### WORK TO BE COMPLETED
Each record beneath this line is to be copied exactly.

### INFORMATION SHOWN
======
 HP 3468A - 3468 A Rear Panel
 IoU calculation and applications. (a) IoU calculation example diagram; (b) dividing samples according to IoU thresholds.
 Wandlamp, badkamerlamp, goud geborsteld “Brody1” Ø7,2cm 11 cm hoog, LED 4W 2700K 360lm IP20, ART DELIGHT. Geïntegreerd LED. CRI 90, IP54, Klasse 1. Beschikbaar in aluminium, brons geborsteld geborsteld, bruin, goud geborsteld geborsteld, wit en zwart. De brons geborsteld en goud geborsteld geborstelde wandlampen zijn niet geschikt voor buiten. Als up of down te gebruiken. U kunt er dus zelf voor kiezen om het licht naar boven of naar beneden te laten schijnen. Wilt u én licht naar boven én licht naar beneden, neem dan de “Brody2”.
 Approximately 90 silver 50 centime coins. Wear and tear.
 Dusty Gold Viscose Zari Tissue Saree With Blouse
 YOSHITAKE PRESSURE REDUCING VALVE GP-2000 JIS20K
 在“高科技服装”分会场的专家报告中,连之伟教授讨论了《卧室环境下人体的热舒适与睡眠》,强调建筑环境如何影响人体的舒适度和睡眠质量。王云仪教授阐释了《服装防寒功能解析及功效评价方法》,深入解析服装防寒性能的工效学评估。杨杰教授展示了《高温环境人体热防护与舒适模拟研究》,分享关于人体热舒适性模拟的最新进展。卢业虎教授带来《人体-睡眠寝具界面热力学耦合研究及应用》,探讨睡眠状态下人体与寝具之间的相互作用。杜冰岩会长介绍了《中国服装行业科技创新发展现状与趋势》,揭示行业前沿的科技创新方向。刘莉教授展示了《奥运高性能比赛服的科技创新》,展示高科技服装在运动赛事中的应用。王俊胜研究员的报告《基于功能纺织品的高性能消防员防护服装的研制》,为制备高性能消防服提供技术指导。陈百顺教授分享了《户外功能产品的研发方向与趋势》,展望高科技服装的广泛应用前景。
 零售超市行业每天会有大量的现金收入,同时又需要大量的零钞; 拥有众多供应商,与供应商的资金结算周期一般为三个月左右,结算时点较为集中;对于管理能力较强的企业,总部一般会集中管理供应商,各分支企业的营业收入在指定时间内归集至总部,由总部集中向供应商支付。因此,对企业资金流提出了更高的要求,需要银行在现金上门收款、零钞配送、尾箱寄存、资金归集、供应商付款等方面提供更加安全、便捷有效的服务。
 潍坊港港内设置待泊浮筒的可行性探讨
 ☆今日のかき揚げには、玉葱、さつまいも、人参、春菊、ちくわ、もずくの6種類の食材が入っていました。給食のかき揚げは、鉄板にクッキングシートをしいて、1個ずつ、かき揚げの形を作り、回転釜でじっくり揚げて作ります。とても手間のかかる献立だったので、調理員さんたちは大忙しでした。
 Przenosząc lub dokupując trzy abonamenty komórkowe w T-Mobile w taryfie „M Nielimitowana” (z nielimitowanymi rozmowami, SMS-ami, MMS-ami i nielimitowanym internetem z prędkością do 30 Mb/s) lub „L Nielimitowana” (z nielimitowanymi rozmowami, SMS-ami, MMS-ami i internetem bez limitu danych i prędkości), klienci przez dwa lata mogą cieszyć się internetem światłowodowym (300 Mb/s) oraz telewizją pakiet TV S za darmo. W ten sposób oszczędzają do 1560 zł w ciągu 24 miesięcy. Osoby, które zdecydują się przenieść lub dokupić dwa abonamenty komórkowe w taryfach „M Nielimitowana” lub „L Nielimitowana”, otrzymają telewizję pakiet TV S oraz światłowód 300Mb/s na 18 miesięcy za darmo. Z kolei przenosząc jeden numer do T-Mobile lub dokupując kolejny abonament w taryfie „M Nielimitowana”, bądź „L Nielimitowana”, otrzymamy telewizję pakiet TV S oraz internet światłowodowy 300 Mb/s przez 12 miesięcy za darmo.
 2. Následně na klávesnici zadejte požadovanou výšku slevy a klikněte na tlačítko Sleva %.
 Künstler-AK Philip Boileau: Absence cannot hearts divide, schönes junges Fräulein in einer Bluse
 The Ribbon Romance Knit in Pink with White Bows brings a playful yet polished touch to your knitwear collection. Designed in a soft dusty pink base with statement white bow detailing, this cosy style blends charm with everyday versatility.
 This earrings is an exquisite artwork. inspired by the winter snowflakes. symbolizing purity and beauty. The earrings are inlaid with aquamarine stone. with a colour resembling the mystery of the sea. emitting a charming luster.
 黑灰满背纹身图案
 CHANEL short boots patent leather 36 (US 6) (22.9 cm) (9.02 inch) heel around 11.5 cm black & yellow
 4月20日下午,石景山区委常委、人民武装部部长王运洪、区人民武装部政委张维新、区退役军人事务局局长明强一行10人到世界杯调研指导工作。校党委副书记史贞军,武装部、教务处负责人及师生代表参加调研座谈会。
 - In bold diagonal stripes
======
### ANSWER AREA
 HP 3468A - 3468 A Rear Panel
 IoU calculation and applications. (a) IoU calculation example diagram; (b) dividing samples according to IoU thresholds.
 Wandlamp, badkamerlamp, goud geborsteld “Brody1” Ø7,2cm 11 cm hoog, LED 4W 2700K 360lm IP20, ART DELIGHT. Geïntegreerd LED. CRI 90, IP54, Klasse 1. Beschikbaar in aluminium, brons geborsteld geborsteld, bruin, goud geborsteld geborsteld, wit en zwart. De brons geborsteld en goud geborsteld geborstelde wandlampen zijn niet geschikt voor buiten. Als up of down te gebruiken. U kunt er dus zelf voor kiezen om het licht naar boven of naar beneden te laten schijnen. Wilt u én licht naar boven én licht naar beneden, neem dan de “Brody2”.
 Approximately 90 silver 50 centime coins. Wear and tear.
 Dusty Gold Viscose Zari Tissue Saree With Blouse
 YOSHITAKE PRESSURE REDUCING VALVE GP-2000 JIS20K
 在“高科技服装”分会场的专家报告中,连之伟教授讨论了《卧室环境下人体的热舒适与睡眠》,强调建筑环境如何影响人体的舒适度和睡眠质量。王云仪教授阐释了《服装防寒功能解析及功效评价方法》,深入解析服装防寒性能的工效学评估。杨杰教授展示了《高温环境人体热防护与舒适模拟研究》,分享关于人体热舒适性模拟的最新进展。卢业虎教授带来《人体-睡眠寝具界面热力学耦合研究及应用》,探讨睡眠状态下人体与寝具之间的相互作用。杜冰岩会长介绍了《中国服装行业科技创新发展现状与趋势》,揭示行业前沿的科技创新方向。刘莉教授展示了《奥运高性能比赛服的科技创新》,展示高科技服装在运动赛事中的应用。王俊胜研究员的报告《基于功能纺织品的高性能消防员防护服装的研制》,为制备高性能消防服提供技术指导。陈百顺教授分享了《户外功能产品的研发方向与趋势》,展望高科技服装的广泛应用前景。
 零售超市行业每天会有大量的现金收入,同时又需要大量的零钞; 拥有众多供应商,与供应商的资金结算周期一般为三个月左右,结算时点较为集中;对于管理能力较强的企业,总部一般会集中管理供应商,各分支企业的营业收入在指定时间内归集至总部,由总部集中向供应商支付。因此,对企业资金流提出了更高的要求,需要银行在现金上门收款、零钞配送、尾箱寄存、资金归集、供应商付款等方面提供更加安全、便捷有效的服务。
 潍坊港港内设置待泊浮筒的可行性探讨
 ☆今日のかき揚げには、玉葱、さつまいも、人参、春菊、ちくわ、もずくの6種類の食材が入っていました。給食のかき揚げは、鉄板にクッキングシートをしいて、1個ずつ、かき揚げの形を作り、回転釜でじっくり揚げて作ります。とても手間のかかる献立だったので、調理員さんたちは大忙しでした。
 Przenosząc lub dokupując trzy abonamenty komórkowe w T-Mobile w taryfie „M Nielimitowana” (z nielimitowanymi rozmowami, SMS-ami, MMS-ami i nielimitowanym internetem z prędkością do 30 Mb/s) lub „L Nielimitowana” (z nielimitowanymi rozmowami, SMS-ami, MMS-ami i internetem bez limitu danych i prędkości), klienci przez dwa lata mogą cieszyć się internetem światłowodowym (300 Mb/s) oraz telewizją pakiet TV S za darmo. W ten sposób oszczędzają do 1560 zł w ciągu 24 miesięcy. Osoby, które zdecydują się przenieść lub dokupić dwa abonamenty komórkowe w taryfach „M Nielimitowana” lub „L Nielimitowana”, otrzymają telewizję pakiet TV S oraz światłowód 300Mb/s na 18 miesięcy za darmo. Z kolei przenosząc jeden numer do T-Mobile lub dokupując kolejny abonament w taryfie „M Nielimitowana”, bądź „L Nielimitowana”, otrzymamy telewizję pakiet TV S oraz internet światłowodowy 300 Mb/s przez 12 miesięcy za darmo.
 2. Následně na klávesnici zadejte požadovanou výšku slevy a klikněte na tlačítko Sleva %.
 Künstler-AK Philip Boileau: Absence cannot hearts divide, schönes junges Fräulein in einer Bluse
 The Ribbon Romance Knit in Pink with White Bows brings a playful yet polished touch to your knitwear collection. Designed in a soft dusty pink base with statement white bow detailing, this cosy style blends charm with everyday versatility.
 This earrings is an exquisite artwork. inspired by the winter snowflakes. symbolizing purity and beauty. The earrings are inlaid with aquamarine stone. with a colour resembling the mystery of the sea. emitting a charming luster.
 黑灰满背纹身图案
 CHANEL short boots patent leather 36 (US 6) (22.9 cm) (9.02 inch) heel around 11.5 cm black & yellow
 4月20日下午,石景山区委常委、人民武装部部长王运洪、区人民武装部政委张维新、区退役军人事务局局长明强一行10人到世界杯调研指导工作。校党委副书记史贞军,武装部、教务处负责人及师生代表参加调研座谈会。
 - In bold diagonal stripes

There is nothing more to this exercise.